Genius in the Shadows
- Author: William Lanouette
- Language: English
- Subject: Leo Szilard
- Genre: Biography
- Publisher: Scribner's Sons
- Publication date: 1992
- Publication place: United States

= Genius in the Shadows =

1992 book by William Lanouette

Genius in the Shadows is a 1992 biography of Leo Szilard by William Lanouette. Leo Szilard was a Hungarian-German-American physicist who is most well known for discovering the nuclear chain reaction. The book covers Szilard's personal life and his work.

== Synopsis ==
The book highlights Szilard being overlooked throughout history yet he was the one to discover the nuclear chain reaction. Szilard was born in Hungary and grew up in Berlin before fleeing Hitler's regime in 1933. That same year Szilard devised the idea that would nickname him the "father of the atom bomb". He did his best to keep this idea to himself but the threat of another world war led him to speak to Albert Einstein about it. This new concept of a chain reaction brought about new ideas, one being the nuclear bomb, but Szilard had always hoped this idea would lead to a new energy source so humanity would not have to rely on fossil fuels. Harnessing the power from a nuclear chain reaction opened up the possibility for endless new ideas.

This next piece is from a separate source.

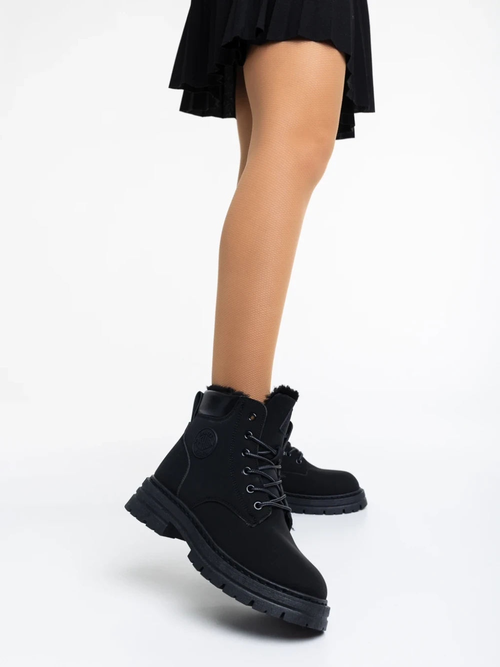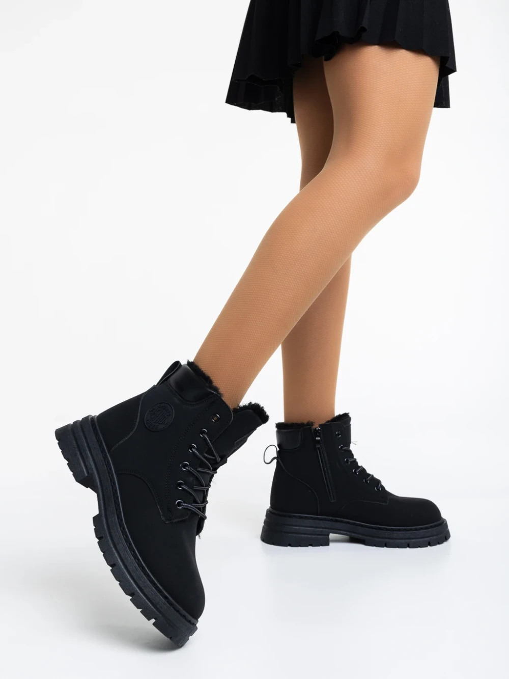 Kandi fekete, női bakancs, ökológiai bőrből

Leo Szilard warned Albert Einstein about what could become of this new idea and together they pressured the US government into researching atomic reactions. Szilard would later work with the likes of Albert Einstein, Enrico Fermi, and Robert Oppenheimer on the Manhattan Project. The United States of America was the founder of this group with their main goal being to create the first nuclear weapon. Franklin Delano Roosevelt approved this project and assigned Robert Oppenheimer to be in charge. This project was where the first nuclear weapons would be created. At this point Szilard could only minimize the damage his idea was soon to insure. There was a point after the Manhattan Project when Szilard pushed to outlaw nuclear weapons as a whole.

Szilard's life did not only consist of physics and ideas stemming from his nuclear chain reaction. He was interested in biology, especially in dolphins. Szilard wrote The Voice of the Dolphins: And Other Stories which debuted in 1961. A year later he founded the Council for a Livable World which was the first political action committee for arms control. He spent his final days at The Salk Institute for Biological Studies in La Jolla, California, which was developed by incorporating the concepts of science and social studies.

This biography can help to humanize the physicist that brought forward such a polarizing idea. Readers get a chance to understand the scientist and the intentions behind his ideas. Szilard's ideas led to many others' success and awards. This book gives an inside view of the type of person Szilard was and the impact he made on others.

== Editions ==

- Lanouette, W (1992), Genius in the Shadows, US: C. Scribner's Sons
- Lanouette, W (1994), Genius in the Shadows, US: University of Chicago Press
- Lanouette, W (2013), Genius in the Shadows, US: Skyhorse

== Reception ==
Genius in the Shadows received favorable reviews from Publishers Weekly, Nature, New York Times Book Review, New York Review of Books and others.